Open philmichel opened 10 months ago
Database seems completely fine and does not show high usage at all:
2023-12-27 03:27:26.173 UTC [1] LOG: starting PostgreSQL 15.5 on x86_64-pc-linux-musl, compiled by gcc (Alpine 13.2.1_git20231014) 13.2.1 20231014, 64-bit
2023-12-27 03:27:26.173 UTC [1] LOG: listening on IPv4 address "0.0.0.0", port 5432
2023-12-27 03:27:26.173 UTC [1] LOG: listening on IPv6 address "::", port 5432
2023-12-27 03:27:26.177 UTC [1] LOG: listening on Unix socket "/var/run/postgresql/.s.PGSQL.5432"
2023-12-27 03:27:26.182 UTC [24] LOG: database system was shut down at 2023-12-27 03:25:53 UTC
2023-12-27 03:27:26.200 UTC [1] LOG: database system is ready to accept connections
I have been seeing roughly this same thing, I know there are a couple posts around CPU usage. My instance just myself and a handful of subs. I only have one lemmy_server but it's consuming 367%. I turned my pool_size as well but load doesn't seem to be coming from postgre either.
I'm having the same issue. Seeing 50-97% CPU usage.
Seeing the same here. Have 1 CPU allocated and can visually see when I updated to 19.0
@eric7456 : I think you may need more than 1 cpu now in Lemmy 0.19.

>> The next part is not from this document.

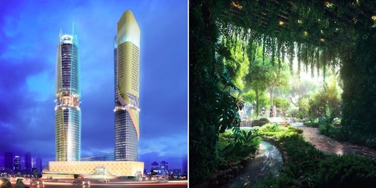 ...and this bougie $300 million building is going to be the first hotel in the world that has a rainforest inside of it.

I have 3 cpus and they are all pretty busy most of the time. Before 0.19 the lemmy software used very little cpu, and most of it was on the database side. But now the lemmy process is quite cpu hungry.
It would of course be great if it was possible to reduce the cpu usage in 0.19 but so much was rewritten, so not sure its possible. Guess we will see.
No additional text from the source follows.